Net Worth Statement with currency background

Editor’s note: The following was written by Bradley Zwilling, Brandy Biros and Dwight Raab, with Illinois FBFM and the University of Illinois Department of Agricultural and Consumer Economics, for the university’s Farmdoc Daily website Jan. 18.

If it isn’t already on your New Year’s resolution list, improving your financial reporting and your understanding of your balance sheet should be.

Navigating the challenging financial and economic environment makes it very necessary that you understand the factors affecting your balance sheet. That knowledge and understanding are the keys to surviving and thriving in the current low-price environment where margins are thin and cash is tight.

Today’s article discusses working capital, but keep in mind that working capital is merely the short-term or current part of your equity or net worth.

Understanding the causes of working capital changes will give insight on managing your farm business for 2019 and beyond.

Measuring the difference between your current assets and current liabilities at the same stage of the accounting cycle or production year is how working capital is calculated and evaluated. In the Midwest, we typically prepare Dec. 31 balance sheets. At that time, harvest is complete. Either the 2018 crop has been sold and is represented as cash on your balance sheet — assuming that cash remains unspent — or your 2018 crop is in end-of-the-year inventory and is priced (which creates a known dollar value that is a current asset) or unpriced, creating the need to set a price so that the value is reported as a current asset.

It is evident that commodity prices and the number of bushels represent two significant factors in current assets and changes from year to year.

Improvements or additions to your working capital are typically the result of profits from your farm business but also include any other sources of net revenue from non-farm businesses or off-farm employment.

Drawing upon working capital

If profit-driven improvements to your working capital are small, then improving working capital becomes a matter of controlling expenses so that current liabilities are not increasing.

And remember, not all draw-down of working capital is necessarily a sign of trouble. A planned build-up of working capital over a period of years followed by a planned draw-down of working capital could be the result of the planned acquisition of land or other assets.
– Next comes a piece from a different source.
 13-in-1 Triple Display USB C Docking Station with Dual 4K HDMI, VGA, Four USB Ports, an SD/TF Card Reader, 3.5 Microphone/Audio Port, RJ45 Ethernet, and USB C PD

What might appear to be a draw-down of working capital could also be a difference in reporting dates of asset values. Dec. 31 working capital can be vastly different from Jan. 31 working capital if intermediate or long-term debt payments are due in January. In that case, working capital (short-term net worth) is turned into intermediate or long-term net worth, and as such is turned into less liquid equity.

This is why it’s important to measure at the same stage of the accounting cycle or production year to make sure it is an “apples to apples” comparison of working capital from one year to the next.

Know your working capital

In this period of declining prices you must be in the practice of preparing an accurate balance sheet and accrual income statement. You need to have the knowledge that you can take action and price grain if you see opportunities to sell.
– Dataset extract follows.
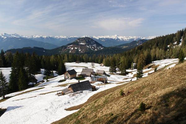 Aufstieg über die Südhänge. Ausblick über die Alm und den Nojer (oberhalb der Bildmitte) hinweg in die Niederen Tauern.

Don’t leave grain in the bin and assume that tomorrow or next month or next year will be better.

Now is a great time to reinvest your working capital into your next crop. Now is not the time for unplanned uses of working capital.

Paying federal and state income tax is OK, and is much better that spending working capital on depreciable capital asset purchases to solve a tax problem. There is no need to spend a dollar to save a dime.

It’s OK to leave your working capital as liquid cash. Having a supply of cash puts you in the position of being able to take advantage of opportunities that might materialize and lets you thrive in an economy that presents challenges — lower commodity prices, see-sawing trade signals, changing government regulation, etc.

If a refinance of intermediate-term or long-term assets is in your future, make sure you have considered the impacts carefully. Refinancing does provide cash to improve your working capital, but does not change your net worth. Refinancing merely takes some of your intermediate-term or long-term net worth and turns it into current net worth.

The obvious downside of refinancing term debt is that you are amortizing a short-term problem over a five-, seven- or even 15-year payback period.